Chapter 1: Staying Strong

64 1 0
                                        

Chapter 1: Staying Strong

How do I feel? Well, let’s just say I feel numb. I take a few robotic steps until I get to my mirror. What do I see? I see some kind of ignorant girl with big green eyes looking guiltily back at her reflection. She’s wearing a black skirt, a black blouse, and a black sweater. All because of her stupid acts in car ride. He was right. And it was my entire fault.

I take a deep breath and walk downstairs. I see everyone dressed in black, coming here to pay their respects. They all stop what they’re doing to look at me. Their eyes read nothing but pity. I don’t need their pity. I know what happened. They weren’t even there. I go into the living room to find my mom completely lost in a picture of my brother hanging up. I watch her mascara run down her face. I felt as if someone ripped out my heart. I couldn’t stand to watch this anymore. I ran out of the room and into the kitchen. I couldn’t watch the pain I caused my mom. I heard some sort of noise as if someone was gasping for air. I whipped my body around and I saw my dad’s head buried in his arms hysterically crying. Oh no. No. No. No. I’ve never seen my dad cry like this before. I guess what happened finally hit him. It didn’t really happen to me yet. I just feel lost. I walk over to my dad.

“Dad? Company is here. I uh…just wanted to let you know..” He didn’t respond. Wow I’m stupid. He doesn’t want to talk to me. “Dad we’ll get through this together. I promise.” He still didn’t look up at me. I just saw him nod. I kissed the top of his head and walked back to the front of my house. Some lady with overwhelming perfume walked over to me. She had an overly large black sun hat on. Where the hell does she see sun? Or light. Especially in this situation.

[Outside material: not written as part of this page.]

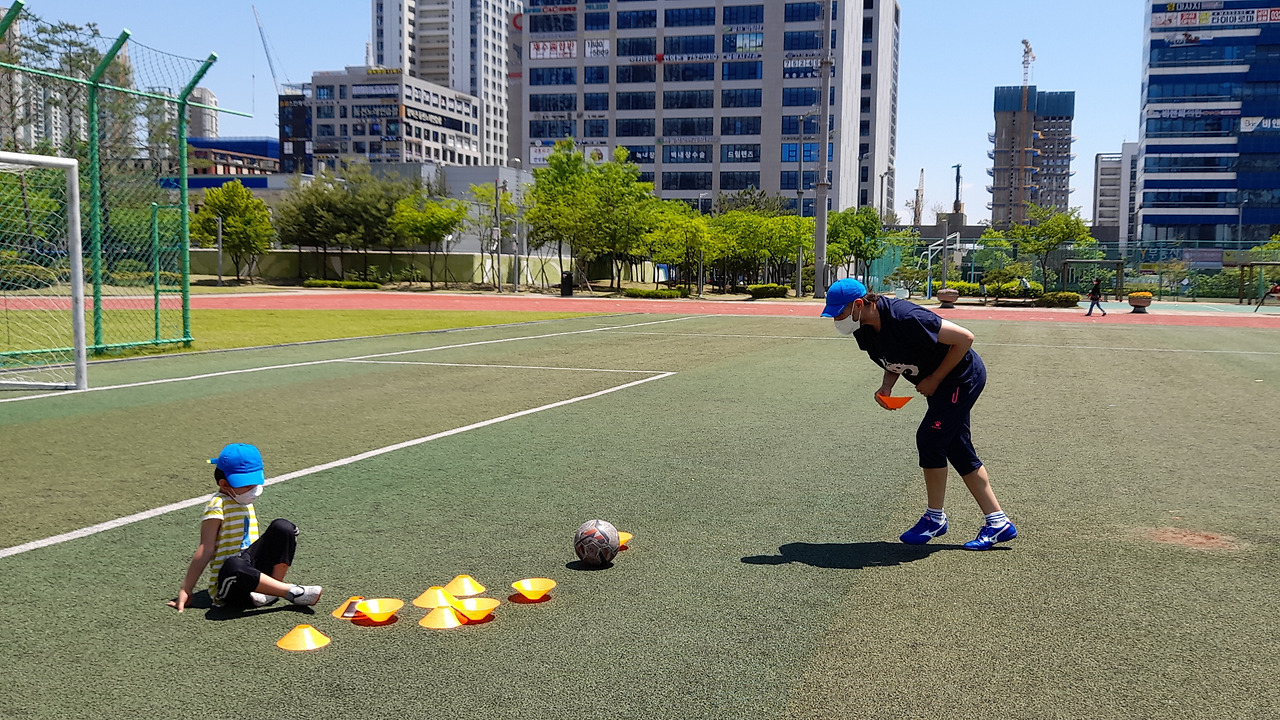 아마도 푸우는 축구 수업을 훈련이라기보다, 형들과 함께 몸을 움직이는 즐거운 활동 정도로 여기는 듯했다. 아이가 곧잘 따라오니 아빠는 신이 나서 수업이 없는 날 개인 훈련까지 병행했다.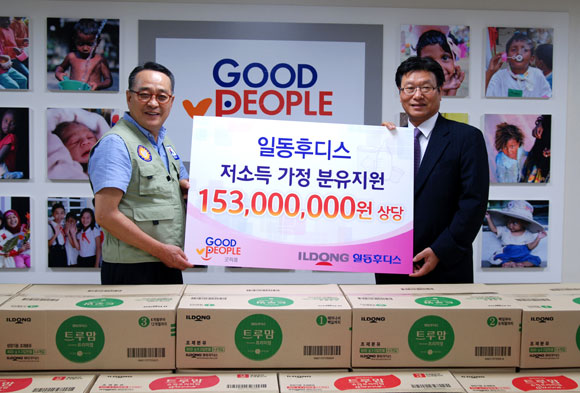일동후디스는 국제구호개발 NGO 굿피플(Good People)을 통해 전국의 저소득층 가정의 영유아들을 위한 1억5000만원 상당의 분유를 기부한 것이다. 이번에 기증된 제품은 ‘후디스 산양분유’를 비롯해 ‘트루맘 뉴클래스 퀸’ ‘트루맘 프리미엄 후레쉬’ 등 일동후디스에서 생산하는 프리미엄 청정분유 전 품목이다.

“Oh hello sweet heart! How are you coping? Sorry about the terrible news.” She planted a huge kiss on my cheek. Great. There is probably cheap red lipstick on my face. And how does she think I feel? Dandy? I wanted to say “I don’t know. I’m still numb.” I decided just to shrug and pretend to wave to someone else and I excused myself. I try to look for Emma. The only person I want to talk to right now. I see her sadly smiling at my mom. She sort of had a thing going on with my brother. It was nothing big, just a few dates, but I clearly saw how crazy they were about each other. I sighed and ran over to her with the biggest hug.

I pulled back to look at her. Her eyes were clearly sad. No pity, just sad, and I was grateful. “Hey Arie. I missed you”

I give her a smile that was clearly not reaching my eyes.

“I missed you too, girl. How are you?”

She looked down and fiddled with her hands with a frown. “I’m trying to cope with this whole thing. I almost lost you.” A tear escaped her eye.

“But you didn’t. I’m here.” Barely.

******

I took a really long shower. Just thinking about everything. I grabbed a towel and wrapped myself. I was making my way to my room and I quickly got changed. It was so quiet around here now. Making my way over to my bed, I tripped over a hand weight and fell to the ground.

“Oof!” Under my bed, I see a picture frame of my brother and I that was taken that summer of us in the pool. I was on his shoulders giving him bunny ears. I remember when he gave me this for my birthday. The frame says “Number 1 Sister” He was always so cheesy. But I loved it. That’s when it really hit me. I throw the weight at the door and I start hysterically crying. I go around my room finding things for me to throw.

“DALLON!! Dallon! I’m so sorry, Dallon! I love you so much! I…I don’t know if you can hear me. Please forgive me. I miss you. I…I don’t know who I am anymore” My voice wavered and I started breaking down again. I recompose myself. Well, I try to.